Segment Start: Data records

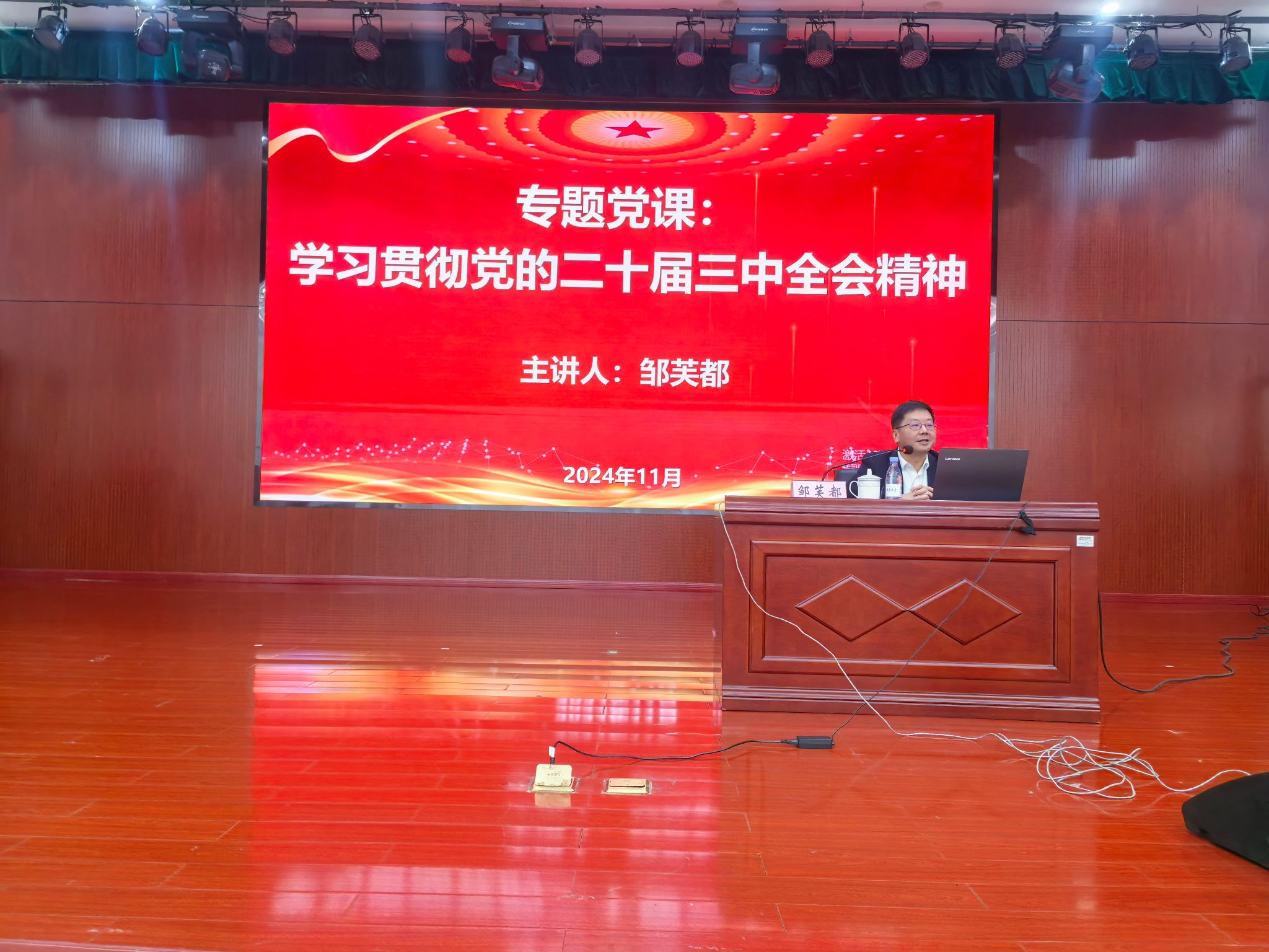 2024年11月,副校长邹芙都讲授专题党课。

Segment End: Data records
Segment Start: Data records

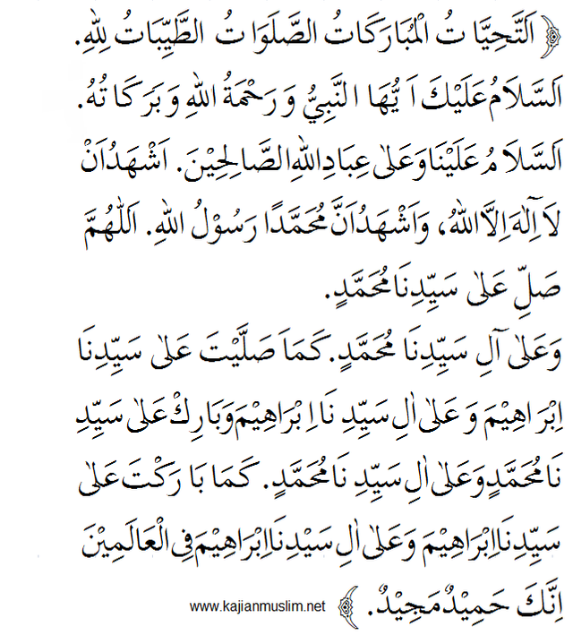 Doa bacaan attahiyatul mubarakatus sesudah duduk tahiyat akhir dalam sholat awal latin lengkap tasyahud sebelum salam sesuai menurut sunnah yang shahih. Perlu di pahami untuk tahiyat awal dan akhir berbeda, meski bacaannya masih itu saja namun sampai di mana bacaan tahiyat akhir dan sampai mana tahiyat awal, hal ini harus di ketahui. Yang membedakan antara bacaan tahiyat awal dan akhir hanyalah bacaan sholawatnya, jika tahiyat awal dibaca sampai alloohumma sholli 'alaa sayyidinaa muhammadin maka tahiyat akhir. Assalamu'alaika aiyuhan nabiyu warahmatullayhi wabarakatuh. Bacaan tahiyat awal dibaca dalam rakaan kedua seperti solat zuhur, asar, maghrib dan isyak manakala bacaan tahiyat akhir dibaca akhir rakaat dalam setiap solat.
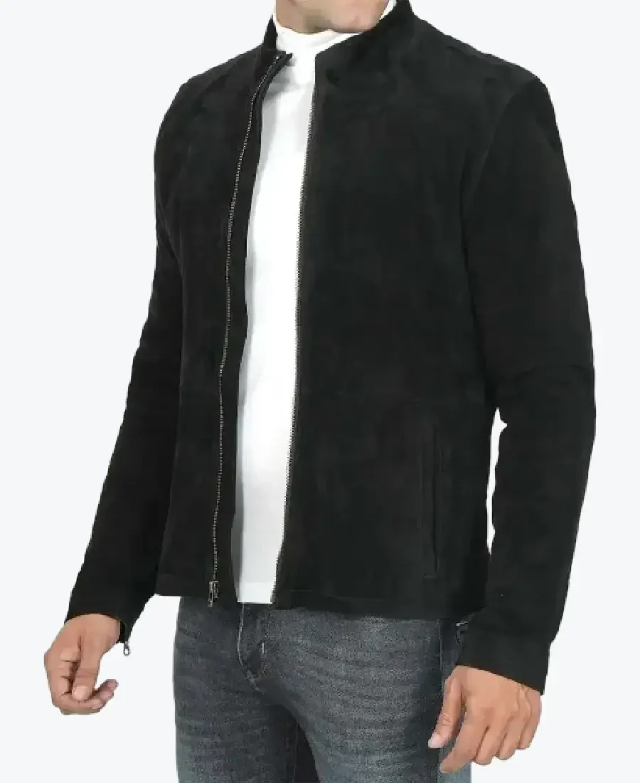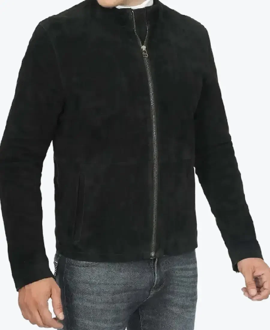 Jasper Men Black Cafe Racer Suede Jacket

Segment End: Data records

* **Task brief**:
Repeat, word for word, the lines of the material above from the one holding "Doa bacaan attahiyatul" through the one holding "Jasper Men Black Cafe Racer Suede Jacket". Leave out pictures.

* **Output below**:
 Doa bacaan attahiyatul mubarakatus sesudah duduk tahiyat akhir dalam sholat awal latin lengkap tasyahud sebelum salam sesuai menurut sunnah yang shahih. Perlu di pahami untuk tahiyat awal dan akhir berbeda, meski bacaannya masih itu saja namun sampai di mana bacaan tahiyat akhir dan sampai mana tahiyat awal, hal ini harus di ketahui. Yang membedakan antara bacaan tahiyat awal dan akhir hanyalah bacaan sholawatnya, jika tahiyat awal dibaca sampai alloohumma sholli 'alaa sayyidinaa muhammadin maka tahiyat akhir. Assalamu'alaika aiyuhan nabiyu warahmatullayhi wabarakatuh. Bacaan tahiyat awal dibaca dalam rakaan kedua seperti solat zuhur, asar, maghrib dan isyak manakala bacaan tahiyat akhir dibaca akhir rakaat dalam setiap solat.
 Jasper Men Black Cafe Racer Suede Jacket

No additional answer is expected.